• _What to do_: Set down exact lines only, from the line with "At the Chengdu" through the last line of the material below, with every picture left out.

——

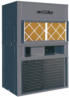
VertiCool Classic Vertical, 3 - 30 Ton
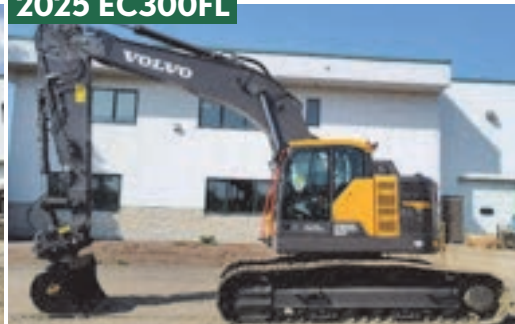
STOCK #13940 | 1,100 HOURS
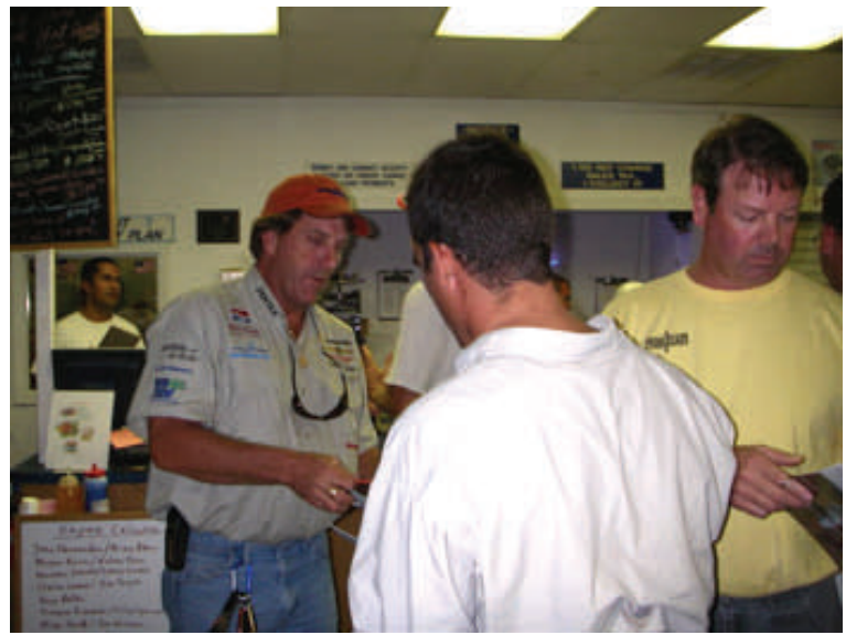
Passing out Sponsors product literature
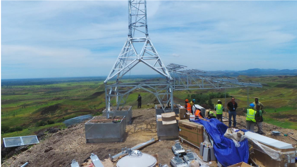
Image 1: Mobile tower under construction at Kore, Central Province.
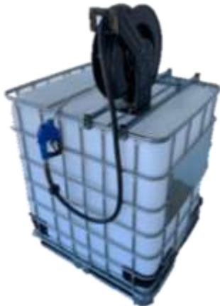
Hose Reel Tote Bracket (Hose reel, nozzle and tote not included.)
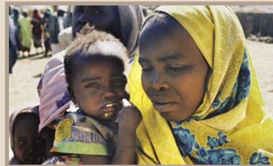
Refugees wait in line to be seen at the Safe Harbor medical clinic in Darfur.
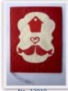
No. 12010 10 x 15 cm
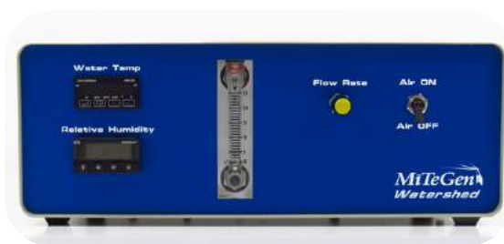
(Watershed Control Unit)

Precisely control the output humidity to either the humidified chamber or direct nozzle workstations. Simple controllers allow users to quickly adjust parameters to change the humidity and flow rate of the output stream.
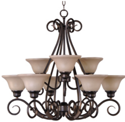
2658WSKB Pacific 9-Light Chandelier
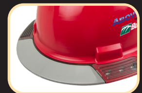
Grey Tint for shade
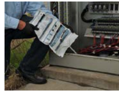
Polywater ® PedFloor ™ Pedestal Sealant Foam Barrier
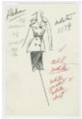
White Women's Ensemble with Belted Jacket (KA0035_000241)
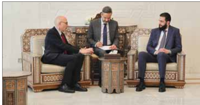
UN High Commissioner for Human Rights Volker Turk meets with Syria's de facto leader Ahmed al-Sharaa, in Damascus, yesterday.

Since rebels seized Damascus last month, the new authorities have sought to reassure Syrians and the international community
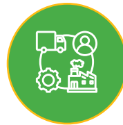
Sustainable Supply Chain
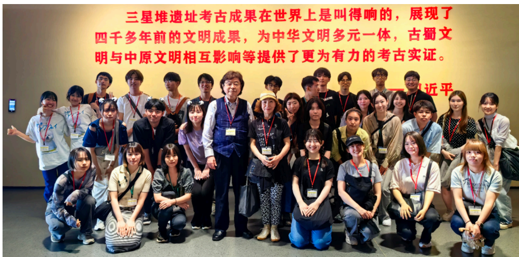
The delegation visits the Sanxingdui Museum.

At the Chengdu Research Base of Giant Panda Breeding, the delegates couldn't contain their excitement
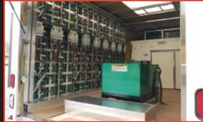
A clean, simple design with easy access to modules and wiring.
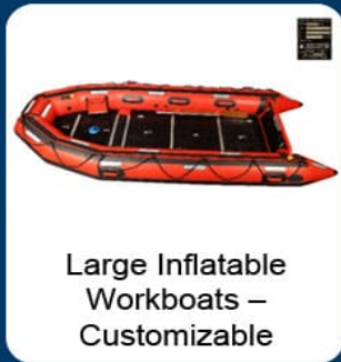
Large Inflatable Workboats - Customizable
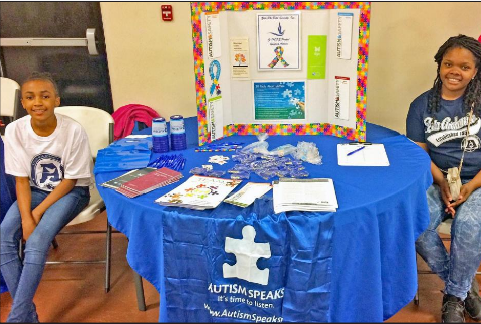
Holmes County members of Rho Nu Zeta Chapter’s youth auxiliary group presented the Z-HOPE Project: Living with Autism on Saturday, April 28 at (CDI) 2018 Parent Conference in Lexington at the Multi-Purpose Complex Building. April is National Autism Awareness Month.
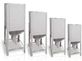
Metal folding pellet store
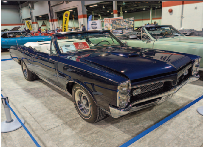
Angelo Dimitri's 1967 GTO convertible featured gorgeous Fathom Blue paint, Rally I wheels and Parchment interior with the optional headrests. Sweet!

——

• _Response to this task_:
At the Chengdu Research Base of Giant Panda Breeding, the delegates couldn't contain their excitement
A clean, simple design with easy access to modules and wiring.
Large Inflatable Workboats - Customizable
Holmes County members of Rho Nu Zeta Chapter’s youth auxiliary group presented the Z-HOPE Project: Living with Autism on Saturday, April 28 at (CDI) 2018 Parent Conference in Lexington at the Multi-Purpose Complex Building. April is National Autism Awareness Month.
Metal folding pellet store
Angelo Dimitri's 1967 GTO convertible featured gorgeous Fathom Blue paint, Rally I wheels and Parchment interior with the optional headrests. Sweet!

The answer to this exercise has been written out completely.